“And then!—” he would exclaim, and he would repeat his pantomime of pointing his forefinger at my stomach and wiggling his thumb. He was very popular with me.
Meanwhile they were taking me farther away from Brussels and the “environs.”
“When you picked me up,” I said, “I was inside the environs, but by the time I reach ‘the’ general he will see only that I am fifty miles beyond where I am permitted to be. And who is going to tell him it was you brought me there? You won’t!”
Rupert of Hentzau only smiled like the cat that has just swallowed the canary.
He put me in another automobile and they whisked me off, always going farther from Brussels, to Ath and then to Ligne, a little town five miles south. Here they stopped at a house the staff occupied, and, leading me to the second floor, put me in an empty room that seemed built for their purpose. It had a stone floor and whitewashed walls and a window so high that even when standing you could see only the roof of another house and a weather-vane. They threw two bundles of wheat on the floor and put a sentry at the door with orders to keep it open. He was a wild man, and thought I was, and every time I moved his automatic moved with me. It was as though he were following me with a spotlight. My foot was badly cut across the instep and I was altogether forlorn and disreputable. So, in order to look less like a tramp when I met the general, I bound up the foot, and, always with one eye on the sentry, and moving very slowly, shaved and put on dry things. From the interest the sentry showed it seemed evident he never had taken a bath himself, nor had seen any one else take one, and he was not quite easy in his mind that he ought to allow it. He seemed to consider it a kind of suicide. I kept on thinking out plans, and when an officer appeared I had one to submit. I offered to give the money I had with me to any one who would motor back to Brussels and take a note to the American minister, Brand Whitlock. My proposition was that if in five hours, or by seven o’clock, he did not arrive in his automobile and assure them that what I said about myself was true, they need not wait until midnight, but could shoot me then.
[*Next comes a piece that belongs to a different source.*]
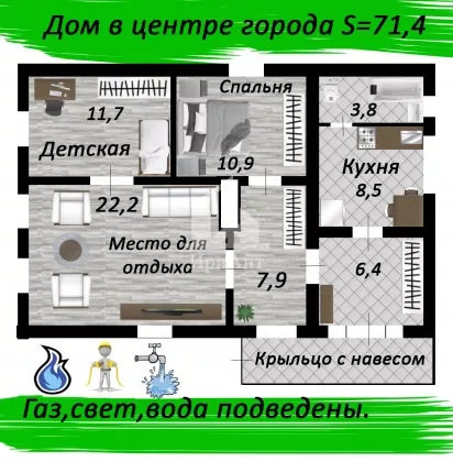 Продается дом, 71.4 кв.м., /1 эт

“If I am willing to take such a chance,” I pointed out, “I must be a friend of Mr. Whitlock. If he repudiates me, it will be evident I have deceived you, and you will be perfectly justified in carrying out your plan.” I had a note to Whitlock already written. It was composed entirely with the idea that they would read it, and it was much more intimate than my very brief acquaintance with that gentleman justified. But from what I have seen and heard of the ex-mayor of Toledo I felt he would stand for it.
The note read:
“Dear Brand:
“I am detained in a house with a garden where the railroad passes through the village of Ligne. Please come quick, or send some one in the legation automobile.